● Records supplied

Content starts

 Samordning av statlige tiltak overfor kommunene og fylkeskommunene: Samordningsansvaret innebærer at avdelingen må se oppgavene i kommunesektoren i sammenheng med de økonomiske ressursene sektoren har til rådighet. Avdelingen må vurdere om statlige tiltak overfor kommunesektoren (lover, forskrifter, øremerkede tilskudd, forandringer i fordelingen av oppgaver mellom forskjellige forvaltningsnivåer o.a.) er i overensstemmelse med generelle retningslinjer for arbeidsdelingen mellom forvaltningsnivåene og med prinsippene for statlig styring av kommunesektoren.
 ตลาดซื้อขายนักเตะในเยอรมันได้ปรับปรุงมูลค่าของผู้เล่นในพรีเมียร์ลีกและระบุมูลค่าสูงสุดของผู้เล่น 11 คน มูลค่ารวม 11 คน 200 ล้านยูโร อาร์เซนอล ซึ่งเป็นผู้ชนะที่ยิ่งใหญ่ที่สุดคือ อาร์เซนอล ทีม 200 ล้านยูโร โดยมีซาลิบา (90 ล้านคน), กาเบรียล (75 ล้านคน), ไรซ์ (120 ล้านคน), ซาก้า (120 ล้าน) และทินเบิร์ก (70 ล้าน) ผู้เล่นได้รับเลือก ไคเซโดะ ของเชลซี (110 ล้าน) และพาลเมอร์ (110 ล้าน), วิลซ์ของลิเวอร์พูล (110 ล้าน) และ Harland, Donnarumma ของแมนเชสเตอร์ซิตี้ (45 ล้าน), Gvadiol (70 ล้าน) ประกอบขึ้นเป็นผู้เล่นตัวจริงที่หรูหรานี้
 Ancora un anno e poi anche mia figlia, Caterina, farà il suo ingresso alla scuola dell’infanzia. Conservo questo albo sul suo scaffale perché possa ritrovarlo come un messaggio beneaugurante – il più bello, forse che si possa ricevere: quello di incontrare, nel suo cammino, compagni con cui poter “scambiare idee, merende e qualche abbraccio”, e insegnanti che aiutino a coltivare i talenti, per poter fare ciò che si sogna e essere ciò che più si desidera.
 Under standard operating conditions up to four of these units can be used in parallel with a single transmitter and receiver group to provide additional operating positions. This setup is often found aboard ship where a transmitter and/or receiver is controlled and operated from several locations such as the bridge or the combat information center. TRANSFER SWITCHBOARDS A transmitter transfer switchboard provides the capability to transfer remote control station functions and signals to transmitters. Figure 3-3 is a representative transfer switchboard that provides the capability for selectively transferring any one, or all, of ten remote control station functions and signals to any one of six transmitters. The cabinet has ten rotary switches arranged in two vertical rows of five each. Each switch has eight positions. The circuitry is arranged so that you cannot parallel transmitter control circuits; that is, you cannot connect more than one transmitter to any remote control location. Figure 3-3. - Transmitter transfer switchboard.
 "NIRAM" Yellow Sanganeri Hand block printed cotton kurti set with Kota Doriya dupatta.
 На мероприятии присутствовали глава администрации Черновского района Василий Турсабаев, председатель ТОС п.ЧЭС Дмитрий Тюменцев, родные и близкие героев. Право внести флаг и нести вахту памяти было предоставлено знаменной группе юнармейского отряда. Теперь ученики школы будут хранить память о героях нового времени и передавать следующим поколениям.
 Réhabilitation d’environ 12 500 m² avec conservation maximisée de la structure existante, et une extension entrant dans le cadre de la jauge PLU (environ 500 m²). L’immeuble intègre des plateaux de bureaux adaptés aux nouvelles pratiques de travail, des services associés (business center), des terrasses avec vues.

Content ends

● What to do
Your reply should hold every line from the data that contains "center", copied in full.

● Exercise result
 Under standard operating conditions up to four of these units can be used in parallel with a single transmitter and receiver group to provide additional operating positions. This setup is often found aboard ship where a transmitter and/or receiver is controlled and operated from several locations such as the bridge or the combat information center. TRANSFER SWITCHBOARDS A transmitter transfer switchboard provides the capability to transfer remote control station functions and signals to transmitters. Figure 3-3 is a representative transfer switchboard that provides the capability for selectively transferring any one, or all, of ten remote control station functions and signals to any one of six transmitters. The cabinet has ten rotary switches arranged in two vertical rows of five each. Each switch has eight positions. The circuitry is arranged so that you cannot parallel transmitter control circuits; that is, you cannot connect more than one transmitter to any remote control location. Figure 3-3. - Transmitter transfer switchboard.
 Réhabilitation d’environ 12 500 m² avec conservation maximisée de la structure existante, et une extension entrant dans le cadre de la jauge PLU (environ 500 m²). L’immeuble intègre des plateaux de bureaux adaptés aux nouvelles pratiques de travail, des services associés (business center), des terrasses avec vues.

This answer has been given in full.